Donna Armstrong

Personal information
- Full name: Donna Karen Armstrong
- Born: Belfast, Northern Ireland
- Batting: Right-handed
- Bowling: Right-arm slow
- Relations: Lloyd Armstrong (father)

International information
- National side: Ireland (1983–1991);
- ODI debut (cap 1): 28 June 1987 v Australia
- Last ODI: 19 July 1991 v Netherlands
- Source: CricketArchive, 1 September 2016

= Donna Armstrong =

Irish cricketer

Donna Karen Armstrong is a former Irish international cricketer who represented the Irish national team between 1983 and 1991. She played as a right-handed middle-order batsman.

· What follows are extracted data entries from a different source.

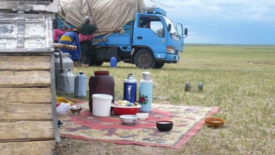 Le matin, c’est au lever du soleil que vous découvrez vos premières images de Mongolie. L’immensité des steppes, ponctuées de yourtes et de troupeaux broutant en liberté. A votre arrivée à la station d’Erdenet, vous serez accueillis par la famille de Deeye, dont l’accueil et l’hospitalité vous mettront vite à l’aise. Dans la convivialité de la yourte, vous dégustez votre premier Suutei Tsai, il s’agit d’un thé au lait salé, et l’Aaruul, le fromage mongol sec. Vous profitez de la journée pour observer librement vos premières scènes de la vie quotidienne sous la yourte et au campement. En fin de journée, vous participez à la confection de votre dîner : des raviolis mongols ou buuz. Tout le monde peut mettre la main à la pâte, un vrai moment de partage culturel. Nuit en yourte chez l’habitant.
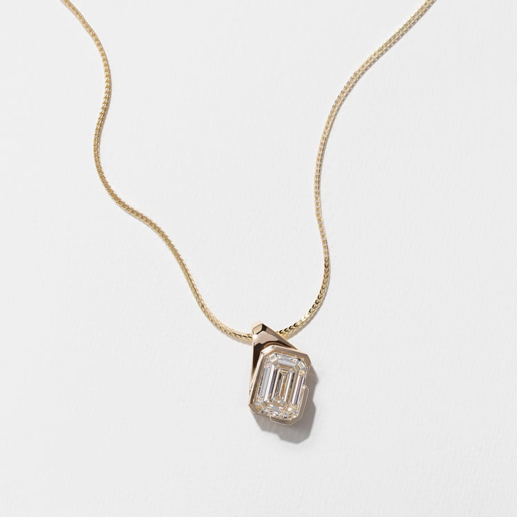 Picture yourself on the beach of your dreams, nestled in a crescent-shaped bay with the waves at your feet and the sun gleaming across the horizon line. That blissful feeling is what brought our Cove necklace to life, designed to stand out with its brilliant-cut round diamond cradled in liquid gold.
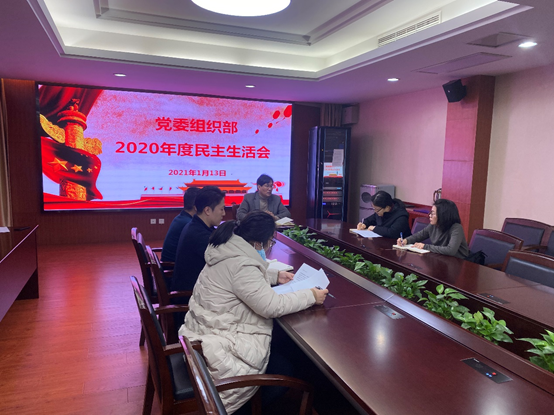 1月13日中午党委组织部于行政楼301会议室召开2020年度民主生活会,会议紧扣“认真学习贯彻习近平新时代中国特色社会主义思想,加强政治建设,提高政治能力,坚守人民情怀,在夺取决胜全面建成小康社会、实现第一个百年奋斗目标的伟大胜利的基础上,开启全面建设社会主义现代化国家新征程,做好学校‘十四五’规划开篇布局,科学谋划,推进‘新南体’建设各项事业发展”的主题,紧密联系班子、个人思想和工作实际,深入进行党性分析,认真开展批评与自我批评。党委常委、党委组织部部长陆玉林主持会议并作总结,部门全体人员参加会议。

Armstrong was born in Belfast, Northern Ireland, and attended Down High School in Downpatrick. Her father, Lloyd Armstrong, played first-class cricket for Ireland in the 1940s and 1950s. Armstrong made her international debut at the 1983 Centenary Tournament in the Netherlands, playing against the Netherlands and Denmark. Her One Day International (ODI) debut came against Australia in June 1987, in Ireland's first ODI series. The following year, Armstrong was selected for the 1988 World Cup in Australia. She appeared in six of Ireland's nine matches, but scored just 33 runs (with a highest score of 21 not out against the Netherlands). Armstrong finished her international career after the 1991 European Championship in the Netherlands. She played 20 ODIs in total, scoring 118 runs with a batting average of just 6.94. Her highest score was 24, made against England at the 1990 European Cup. At the time of her last ODI, Armstrong was 42 years and 154 days old, making her one of the oldest to have played at that level (and the oldest for Ireland).